Stored dataset items:
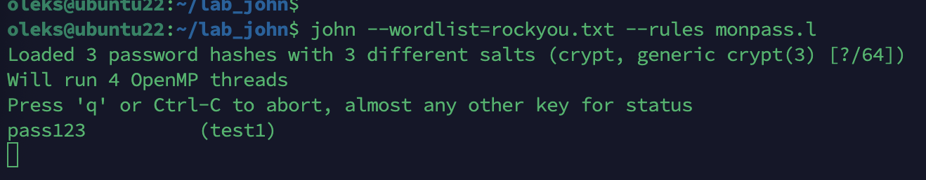 unshadow rassemble les noms d’utilisateurs de /etc/passwd et les mots de passe hachés correspondants de /etc/shadow au format user:hash:… lisible par John the Ripper. La commande doit être exécutée avec sudo, car /etc/shadow n’est lisible que par root. Le fichier monpass.l contient des hachages de mots de passe — gardez-le en sécurité (restreignez les droits) et supprimez-le dès la fin du laboratoire si la VM n’est pas isolée.
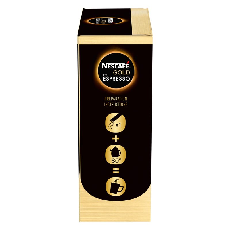 Looking for a moment of pleasure in between? The NESCAFÉ GOLD Espresso made from 100% Arabica beans impresses without an espresso machine, even on the go. Each box contains 25 Sticks, to make 25 coffee cups. Box wight: 45 g ( 25 x 1.8 g).
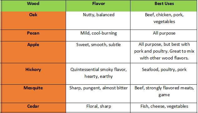 - Wood-burning smokers: These deliver classic flavors and aromas, and different types of hardwood can be used to create distinct flavors (see chart below).
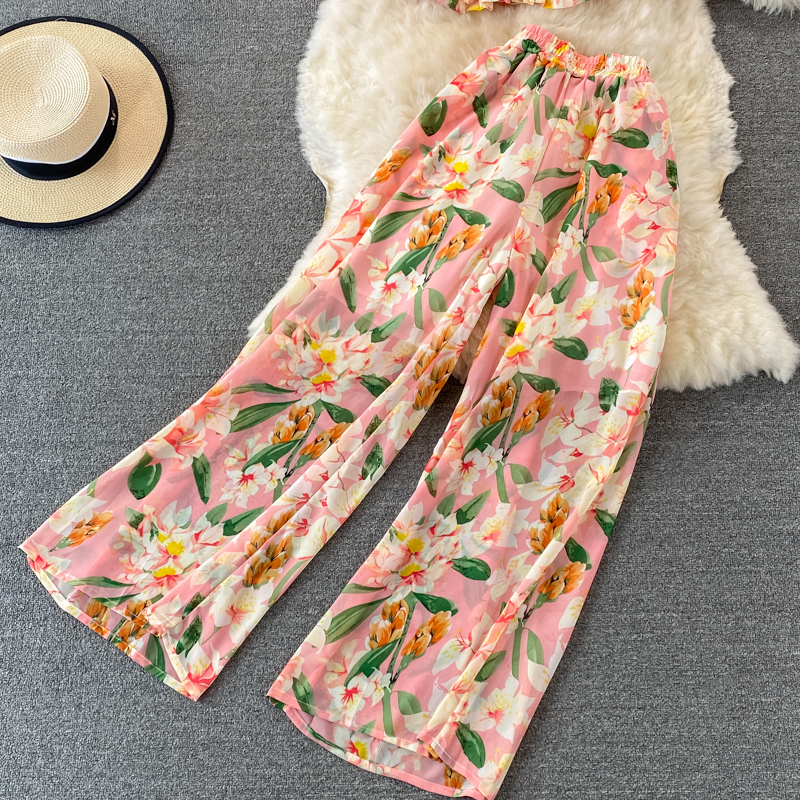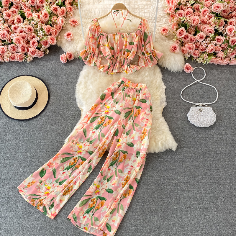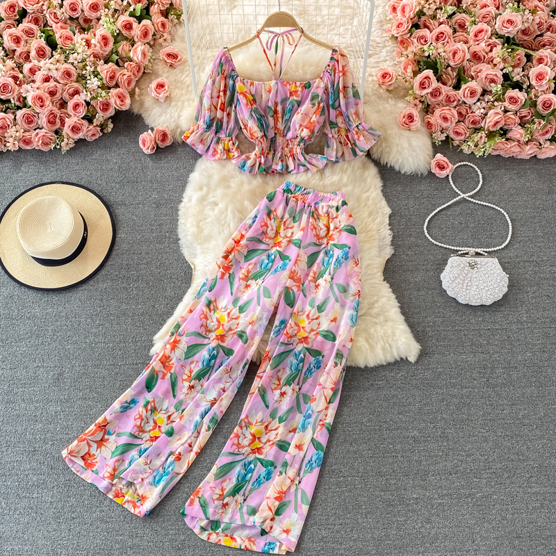 Cheap Pant Suits, Buy Quality Women’s Clothing Directly from China Suppliers:Bohemian Summer Floral Two Piece Set For Women Sexy Square Collar Flare Short Sleeve Tops + Loose Wide Leg Pants Beach Suit
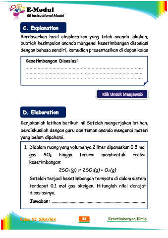 Kelas XI SMA/MA                             85                Kesetimbangan Kimia
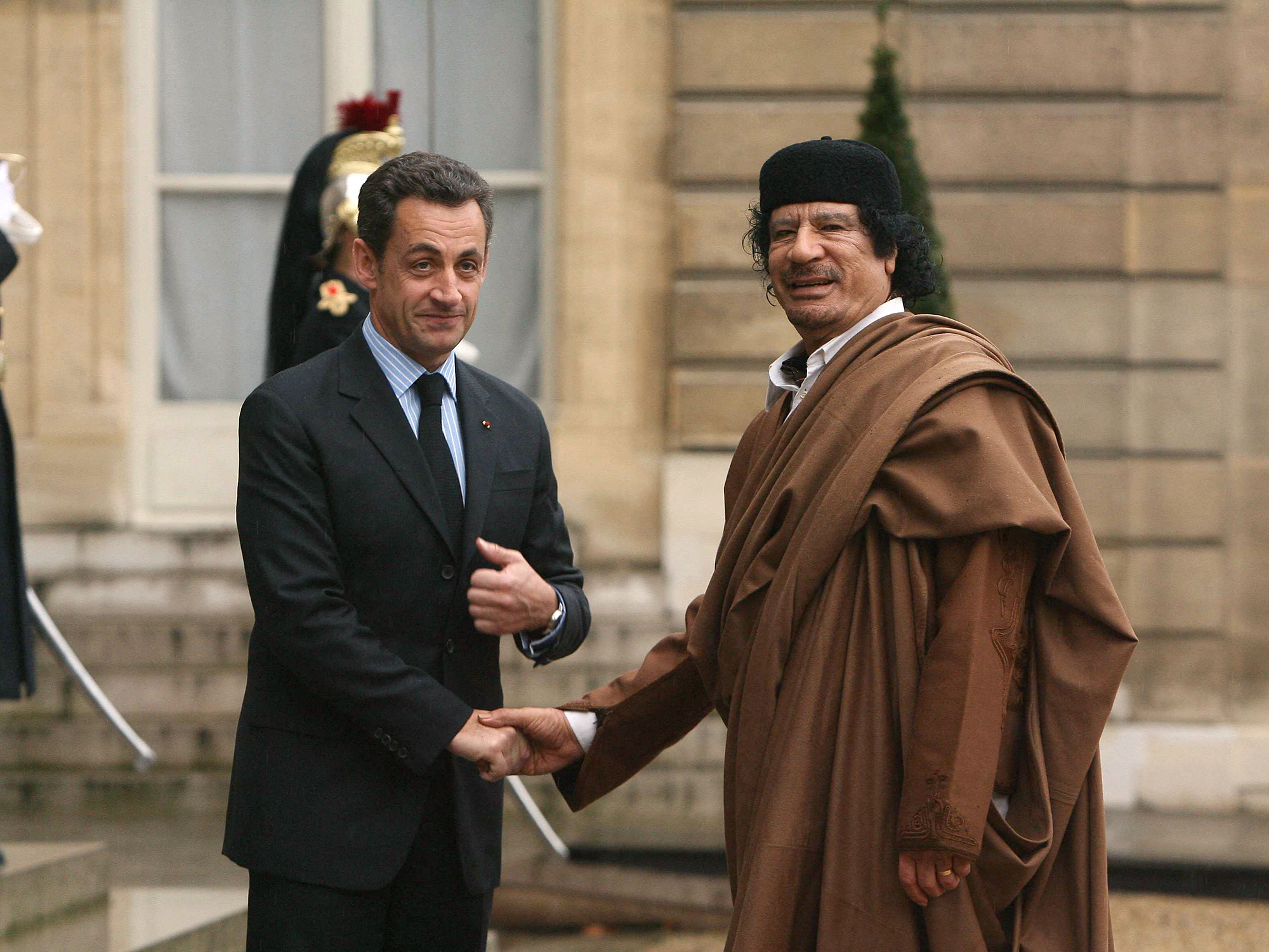 Image: President Sarkozy shakes hands with President al-Qaddafi before their meeting at the Elysee Palace in Paris on December 10, 2007.
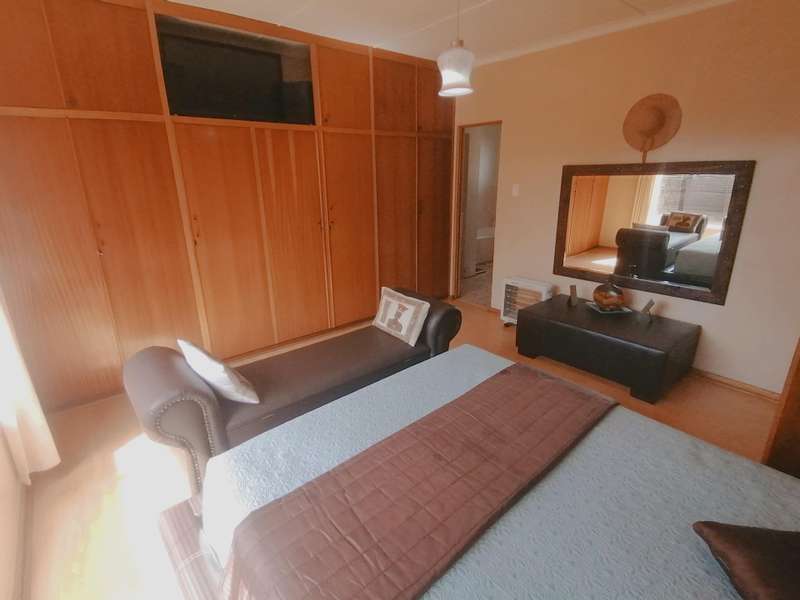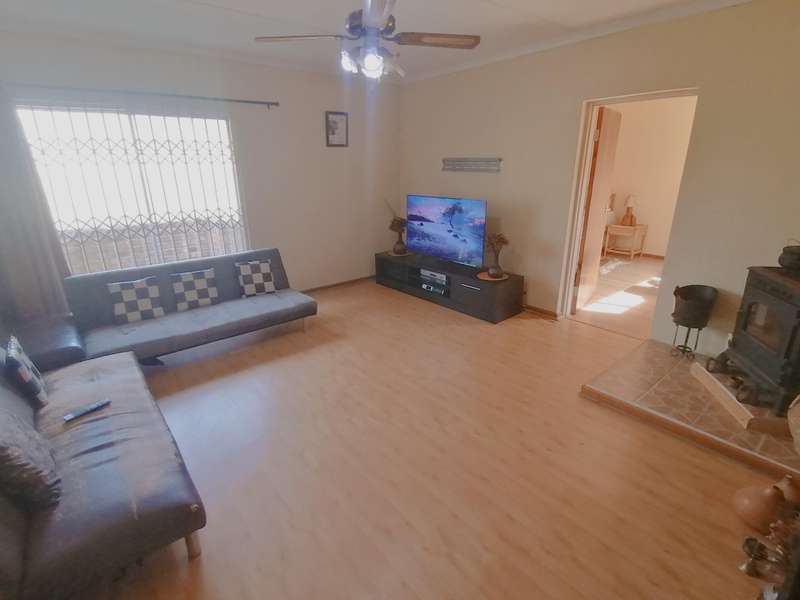 We are grateful to present this large 4 bedroom to you. The home consists of 4 neat bedrooms with laminate flooring and built in cupboards. The main bedroom has an en suite bathroom. The living areas consist of a large main lounge leading to the cental dining room, a second tv lounge with a fire place to make the Stutterheim winters warm and cozy as well as a sliding door leading to the nack undercover entertainment area and yard. There is a study room as well as the 4th bedroom leading off the tv lounge for hosting guests and family members. There is a separate office for those who study and work from home. The double garage has extra storage space as well as a separate laundry room leading outside. A separate outside toilet.
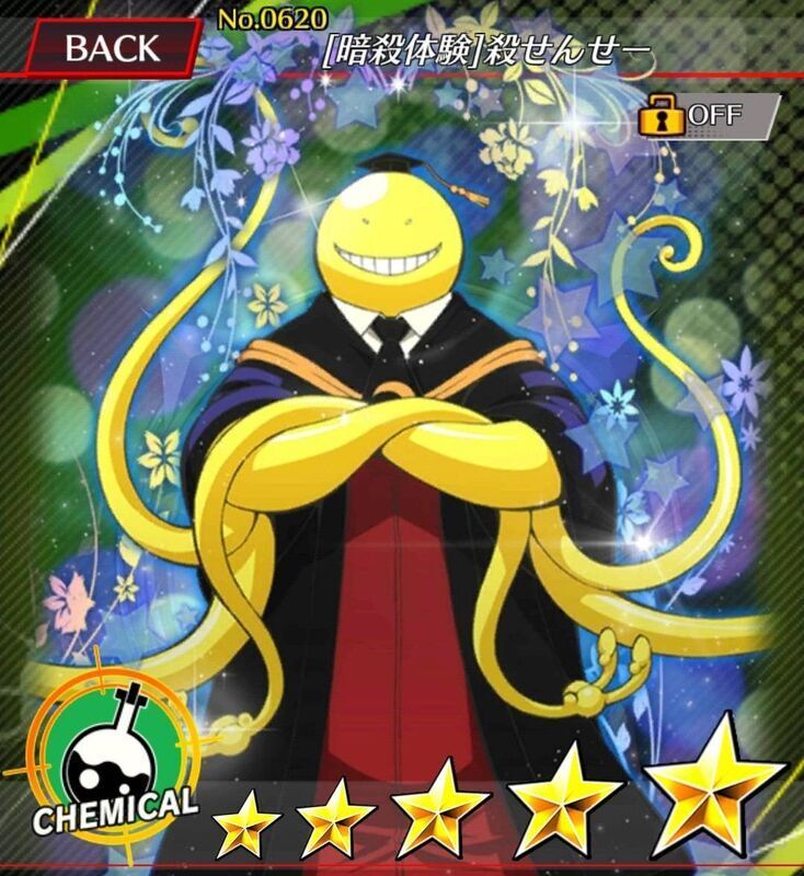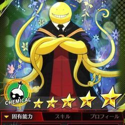 | 椚ヶ丘中学校3年E組の担任教師で、マッハ20の最高速度を誇る超生物。 甘いものが大好き。生徒達の事はもっと大好き。 「君達の挑戦。いつでも受けて立ちますよ」 | |
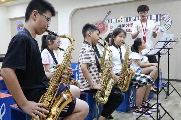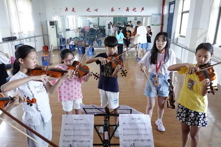 7月14日,在嘉兴市秀洲区王店镇建设中心小学,来自浙江音乐学院“快乐音乐教室”暑期公益实践活动的大学生志愿者们教乡村学生演奏乐器。本次公益活动为期9天,大学生志愿者们在学校打地铺,为乡村孩子们带来西洋乐器教学、基础乐理、音乐赏析、手工劳作、心理团辅等课程。
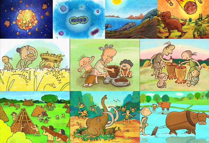 - その中の素材として地球誕生から生物の進化、人類の生活など、
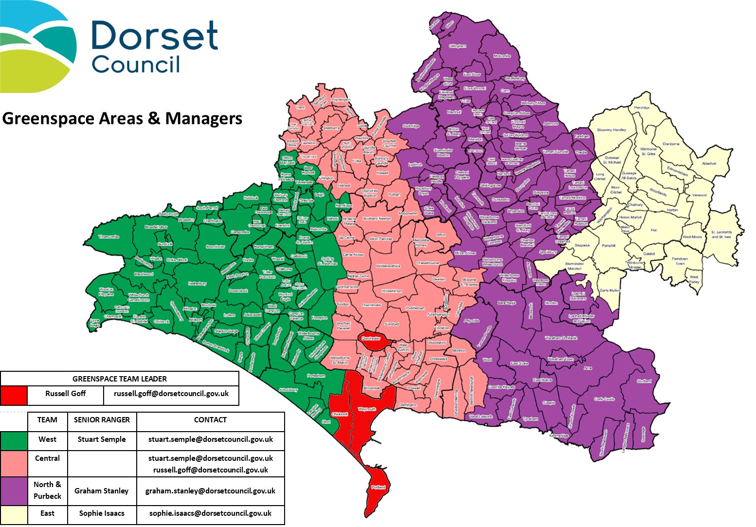 Check the Greenspace areas and manager's map to find out the correct ranger for a specific area of Dorset.
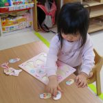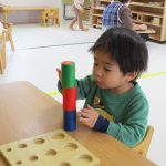 今日は0歳児さんはお部屋で遊び、1・2歳児さんはモンテッソーリのお仕事をしました。
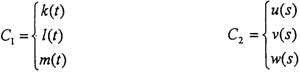 假設(shè)M點(diǎn)是兩軸的嚙合點(diǎn)(運(yùn)動(dòng)曲線C1和C2的交點(diǎn),也就是傳力點(diǎn))假設(shè)初始條件為:當(dāng)時(shí)間t=0時(shí),
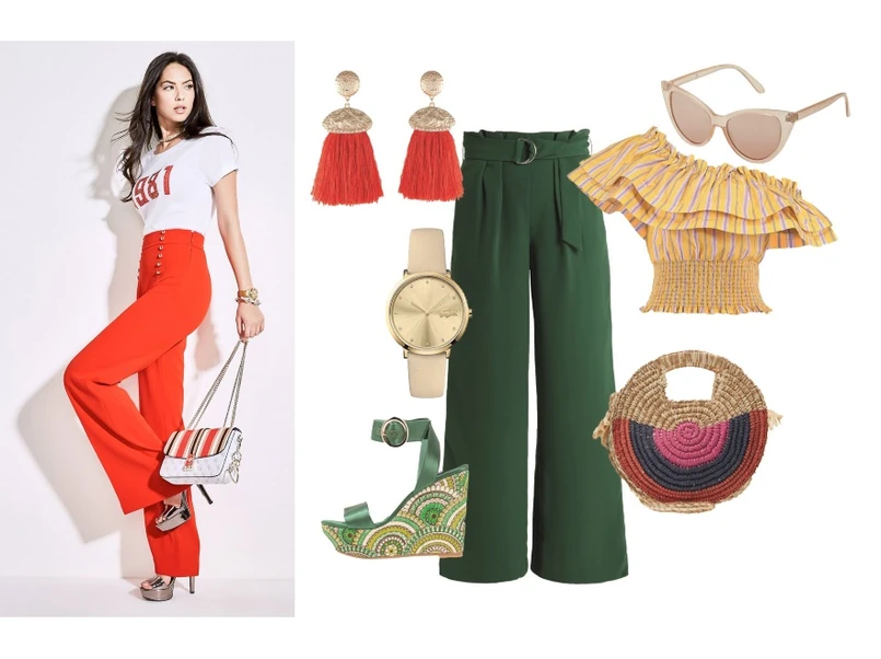 1 Spodnie – Glamorous 179 zł, klapki – Slydes 169 zł, zegarek – GUESS 399 zł, naszyjnik – Top Shop 94 zł, top – New Look 64 zł, torebka – Billabong 229 zł, okulary – Kiomi 64 zł.

Exercise requirements:
Would you copy out, exactly and with no pictures, only the lines above from the one that contains "Image: President Sarkozy" through the one that contains "假設(shè)M點(diǎn"?

The answer:
 Image: President Sarkozy shakes hands with President al-Qaddafi before their meeting at the Elysee Palace in Paris on December 10, 2007.
 We are grateful to present this large 4 bedroom to you. The home consists of 4 neat bedrooms with laminate flooring and built in cupboards. The main bedroom has an en suite bathroom. The living areas consist of a large main lounge leading to the cental dining room, a second tv lounge with a fire place to make the Stutterheim winters warm and cozy as well as a sliding door leading to the nack undercover entertainment area and yard. There is a study room as well as the 4th bedroom leading off the tv lounge for hosting guests and family members. There is a separate office for those who study and work from home. The double garage has extra storage space as well as a separate laundry room leading outside. A separate outside toilet.
 | 椚ヶ丘中学校3年E組の担任教師で、マッハ20の最高速度を誇る超生物。 甘いものが大好き。生徒達の事はもっと大好き。 「君達の挑戦。いつでも受けて立ちますよ」 | |
 7月14日,在嘉兴市秀洲区王店镇建设中心小学,来自浙江音乐学院“快乐音乐教室”暑期公益实践活动的大学生志愿者们教乡村学生演奏乐器。本次公益活动为期9天,大学生志愿者们在学校打地铺,为乡村孩子们带来西洋乐器教学、基础乐理、音乐赏析、手工劳作、心理团辅等课程。
 - その中の素材として地球誕生から生物の進化、人類の生活など、
 Check the Greenspace areas and manager's map to find out the correct ranger for a specific area of Dorset.
 今日は0歳児さんはお部屋で遊び、1・2歳児さんはモンテッソーリのお仕事をしました。
 假設(shè)M點(diǎn)是兩軸的嚙合點(diǎn)(運(yùn)動(dòng)曲線C1和C2的交點(diǎn),也就是傳力點(diǎn))假設(shè)初始條件為:當(dāng)時(shí)間t=0時(shí),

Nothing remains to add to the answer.